Solr index “commit” events are a necessary evil that often gets out of hand. A commit involves writing a segment file to the disk (which can trigger segment sorting and merging). The new segment is copied across the network to replicas on other nodes, with further merging.
It is usually adequate to commit every five minutes, yet we often see Solr indexes struggling to perform multiple commits per second! In that situation, CPU and JVM max out and replicas go into recovery.
How does this happen? Solr can be overwhelmed by commit=true and commitWithin=1000 params attached to /update requests. Solr tries to execute all of these individual requests, no matter how many arrive per minute. This makes it difficult for the Solr manager to create an effective commit strategy.
Fortunately, Solr engineers provided the IgnoreCommitOptimizeUpdateProcessorFactory to fix this problem. This processor lets Solr ignore commit and optimize demands that are attached to /update requests. The payload of the update is processed normally, but commit frequency conforms to the local autoCommit and autoSoftCommi settings.
In many cases, this dramatically improves indexing performance.
Context of the Modification
One can bring the Solr commit behavior under control by making a few edits to the solrconfig.xml file.
The following instructions show how to integrate IgnoreCommitOptimizeUpdateProcessorFactory and how to reset autoCommit and autoSoftCommit to more appropriate non-default settings. In general, these modifications presume the following context:
- Obtain the deployment’s solrconfig.xml file.
- Manually edit the file as described below.
- Upload the file to the deployment (as described in the previous link).
- Perform a rolling restart of the Solr nodes.
Step-by-Step Edits to Solrconfig.xml
The following images of changes to solrconfig.xml include line numbers at the left to help you find the right area of the file. Your line numbers won’t be quite the same as ours.
Begin by increasing the autoCommit setting to 5 minutes.
The actual setting is in milliseconds, so five minutes is 5 x 60 x 1000 = 300000.

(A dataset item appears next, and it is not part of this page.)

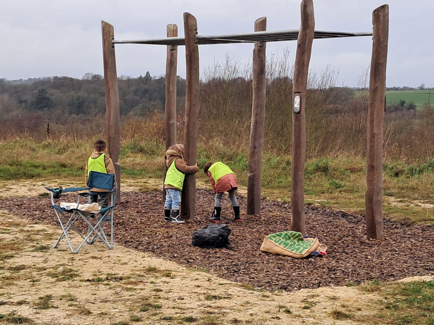 Ensuite, au programme de la matinée, différents temps ont été proposés, comme en classe : des temps d’activités (chasse au trésor : collecte d’éléments naturels), de regroupement (langage, lecture d’album), de récréation (long temps libre pour explorer : jouer à cache-cache, marcher dans les hautes herbes, jouer sur la structure)….

Next, scroll down a few lines and set autoSoftCommit to two minutes. A “soft” commit creates a new searcher, but does not write a segment to disk. This keeps your search results fresh while reducing the expense of hard commits.
2 x 60 x 1000 = 120000.
The next step is to add a new stage to the UpdateRequestProcessor workflow. Scroll down some more and insert this line:
Now we have to define the new stage. Scroll down to the Update Processors section of the file. Add this entire element:
Here it is again so you can copy/paste:
<updateRequestProcessorChain name="ignore-commit-from-client" default="true"> <processor class="solr.IgnoreCommitOptimizeUpdateProcessorFactory"> <int name="statusCode">200</int> </processor> <processor class="solr.LogUpdateProcessorFactory" /> <processor class="solr.DistributedUpdateProcessorFactory" /> <processor class="solr.RunUpdateProcessorFactory" /> </updateRequestProcessorChain>
That’s the final change. Save the file. Upload it to the appropriate configset. Restart the Solr nodes.